____ Data provided
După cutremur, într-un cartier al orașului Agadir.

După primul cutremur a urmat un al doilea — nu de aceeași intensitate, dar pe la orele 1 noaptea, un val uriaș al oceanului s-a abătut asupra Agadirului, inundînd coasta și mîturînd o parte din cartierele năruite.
________
____ Data provided
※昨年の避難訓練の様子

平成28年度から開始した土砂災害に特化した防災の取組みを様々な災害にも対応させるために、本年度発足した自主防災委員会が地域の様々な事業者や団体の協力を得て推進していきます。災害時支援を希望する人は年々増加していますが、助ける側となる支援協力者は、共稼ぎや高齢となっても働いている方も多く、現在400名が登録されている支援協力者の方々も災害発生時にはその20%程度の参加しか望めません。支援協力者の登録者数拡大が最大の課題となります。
________
» What you have to do
Where a line in the listing above contains "cutremur", copy that line.

» Exercise solution
După cutremur, într-un cartier al orașului Agadir.
După primul cutremur a urmat un al doilea — nu de aceeași intensitate, dar pe la orele 1 noaptea, un val uriaș al oceanului s-a abătut asupra Agadirului, inundînd coasta și mîturînd o parte din cartierele năruite.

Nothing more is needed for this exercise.